| Work request |
What is needed is every line from the one holding "Die vorbeifließende Donau" to the last line of the data below, printed exactly and without pictures.

** Opening Recorded data block **

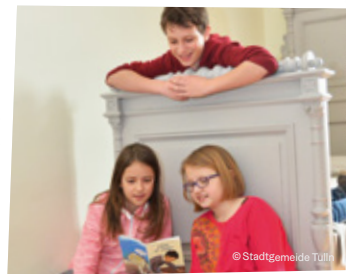
Den jungen Schiele entdecken

Die vorbeifließende Donau auf der einen Seite, spannende Erlebnisse auf der anderen Seite – radle entlang der Donaulände und entdecke die ökologische Gartenstadt Tulln mit all ihren Angeboten speziell für Kids! Auf deinem Weg wirst du zum Gartenentdecker auf der GARTEN TULLN – mit Baumwipfelweg und dem größten Naturspielplatz Niederösterreichs. Begib dich auf die Spuren von Römern und Nibelungen , die auf denselben Wegen wie du gewandert sind. Tauch ein in die Welt des kleinen Egon Schiele , der am Hauptbahnhof in Tulln geboren wurde und entdecke die naturnahen Spiel- und Erlebnisräume – zum Beispiel die Donau.Spuren.Langenlebar und das Tullner Aubad .
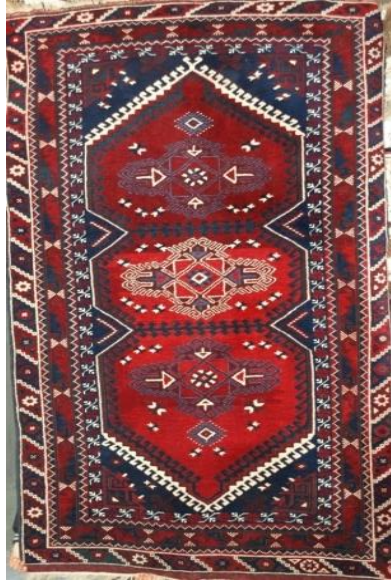
Fotoğraf 34: Antalya- Döşemealtı- Karataş Köyü, Koleksiyoner Halil Börekçi, 122x180 cm / 26x33 kalite. Kenar suyu "tutmaç, develi su, çingilli su, bulanık su ortası kocasulu, heybe suyu, dokuz top, kıvrım, şingır, dikenli top, meme ucu çiçeği" kullanılmıştır (Derya Elgün, 2014).

** Closing Recorded data block **

| Response to this exercise |
Die vorbeifließende Donau auf der einen Seite, spannende Erlebnisse auf der anderen Seite – radle entlang der Donaulände und entdecke die ökologische Gartenstadt Tulln mit all ihren Angeboten speziell für Kids! Auf deinem Weg wirst du zum Gartenentdecker auf der GARTEN TULLN – mit Baumwipfelweg und dem größten Naturspielplatz Niederösterreichs. Begib dich auf die Spuren von Römern und Nibelungen , die auf denselben Wegen wie du gewandert sind. Tauch ein in die Welt des kleinen Egon Schiele , der am Hauptbahnhof in Tulln geboren wurde und entdecke die naturnahen Spiel- und Erlebnisräume – zum Beispiel die Donau.Spuren.Langenlebar und das Tullner Aubad .
Fotoğraf 34: Antalya- Döşemealtı- Karataş Köyü, Koleksiyoner Halil Börekçi, 122x180 cm / 26x33 kalite. Kenar suyu "tutmaç, develi su, çingilli su, bulanık su ortası kocasulu, heybe suyu, dokuz top, kıvrım, şingır, dikenli top, meme ucu çiçeği" kullanılmıştır (Derya Elgün, 2014).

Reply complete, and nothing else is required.